Global and segmental kinematic changes following sequential resection of posterior osteoligamentous structures in the lumbar spine: An in vitro biomechanical investigation using pure moment testing protocols

Lumbar spinal surgeries may compromise the integrity of posterior osteoligamentous structures implicating mechanical stability. Circumstances necessitating a concomitant surgery to achieve restabilisation are not well understood. The main objective of this in vitro study was to quantify global and segmental (index and adjacent levels) kinematic changes in the lumbar spine following sequential resection of the posterior osteoligamentous structures using pure moment testing protocols. Six fresh frozen cadaveric kangaroo lumbar spines (T12-S1) were tested under a bending moment in flexion-extension, bilateral bending, and axial torsion in a 6-degree-of-freedom Kinematic Spine Simulator. Specimens were tested in the following order: intact state (D0), after interspinous and supraspinous ligaments transection between L4 and L5 (D1), further after a total bilateral facetectomy between L4 and L5 (D2). Segmental motions at the cephalad, damaged, and caudal levels were recorded using an infrared-based motion tracking device. Following D1, no significant change in the global range of motion was observed in any of the bending planes. Following D2, a significant increase in the global range of motion from the baseline (D0) was observed in axial torsion (median normalised change +20%). At the damaged level, D2 resulted in a significant increase in the segmental range of motion in flexion-extension (+77%) and axial torsion (+492%). Additionally, a significant decrease in the segmental range of motion in axial torsion (-35%) was observed at the caudal level following D2. These results suggest that a multi-segment lumbar spine acts as a mechanism for transmitting motions, and that a compromised joint may significantly alter motion transfer to adjacent segments. We conclude that the interspinous and supraspinous ligaments play a modest role in restricting global spinal motions within physiologic limits. Following interspinous and supraspinous ligaments transection, a total bilateral facetectomy resulted in a significant increase in axial torsion motion, both at global and damaged levels, accompanied with a compensatory decrease in motion at the caudal level.

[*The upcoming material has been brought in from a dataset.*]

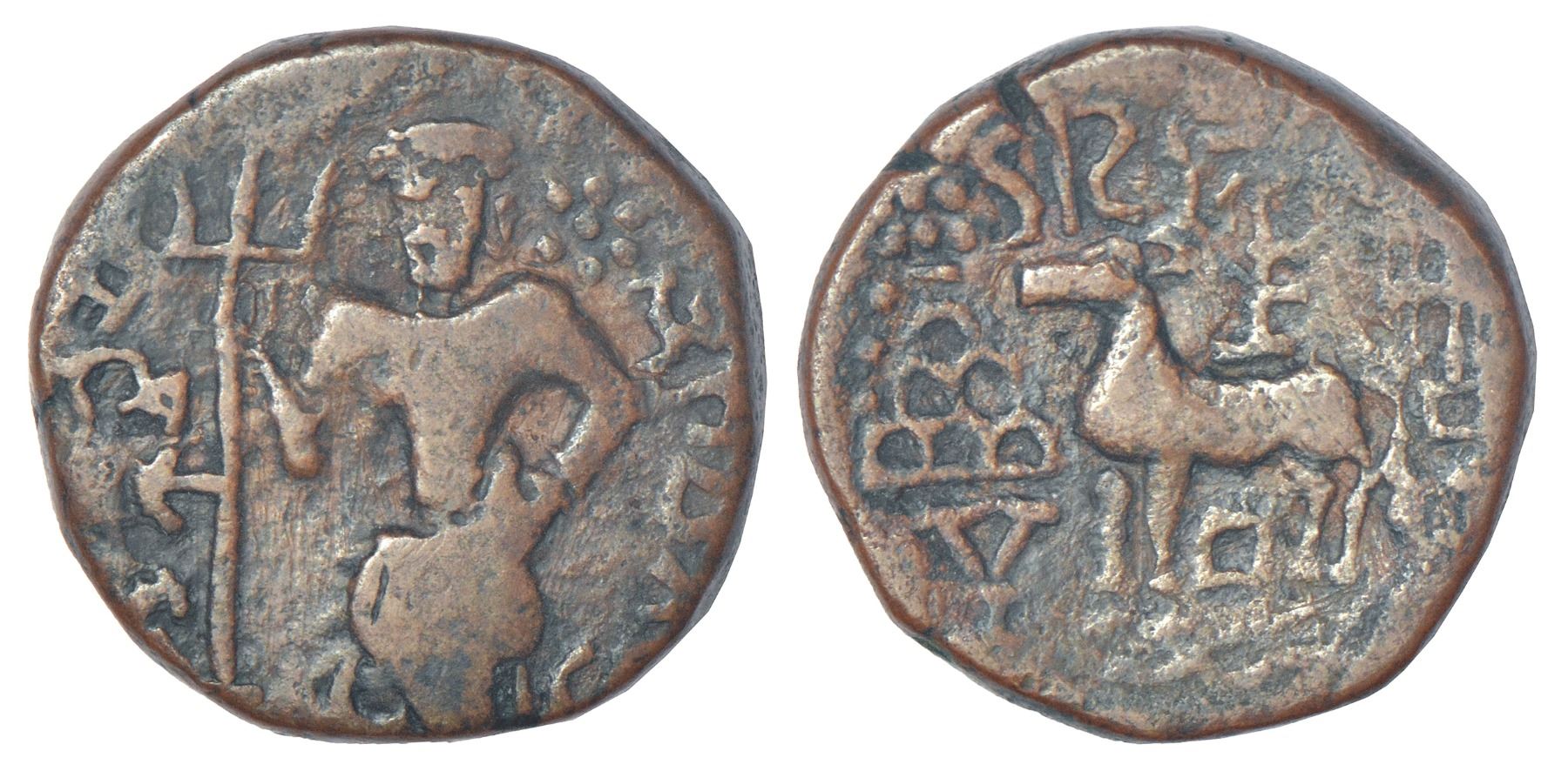 Post-Mauryan tribal republics - Yaudheyas or Kunindas, copper coin struck in the name of 'Chitreshwara' as tutelary deity of the clan (c.50 BC-50 AD), PAIC 1646, 16.79g. Obv: Shiva standing frontally holding trident-battle axe in one hand and the other hand on his hip; Brahmi legend Bhagavato…. to right and …tmanah to left. Rev: Deer facing left, altar between its legs, a 'key'-like symbol, Shrivatsa and a vase above, six-arched hill topped by a sun and a triangle-headed standard to left, traces of tree-in-railing to right and a wavy line below.

Interpedicular kinematics in an in vitro biomechanical assessment of a bilateral lumbar spondylolytic defect

BACKGROUND

A spondylolytic defect in lumbar vertebra is a common condition during early childhood and adolescence, and is considered a precursor to spondylolisthesis. This study examined whether a bilateral spondylolytic defect in lumbar spine intrinsically results in increased intervertebral translations during different bending motions.

METHODS

Seven fresh frozen cadaveric kangaroo lumbar (L1-L6) spine specimens were tested in a kinematic spine simulator; first in their intact state, followed by creating a bilateral spondylolytic defect at L4 and retesting. In addition to recording global and segmental range of motions, the pedicles at L3, L4, and L5 vertebrae were digitized bilaterally and virtually tracked throughout testing. Interpedicular kinematic metrics were employed to capture any changes in translatory motions during flexion-extension, bilateral bending, and axial torsion testing modes.

FINDINGS

Following the defect, range of motion at the defect level (L4-L5) increased significantly in all the three motion planes. At L4-L5, normalized interpedicular displacement increased significantly in flexion-extension (median change +156%) and bilateral bending (median change +58%) motions, but changes in bending-plane and out-of-plane intervertebral translations were not significant in any of the testing modes.

INTERPRETATION

In the absence of any significant changes in bending-plane and out-of-plane intervertebral translations at L4-L5, changes in interpedicular displacement would directly correspond with the stretching of posterior annulus of the L4-L5 intervertebral disc. A bilateral spondylolytic defect at L4 may result in significant overstretching of the posterior annulus of the L4-L5 disc during flexion-extension and bilateral bending motions.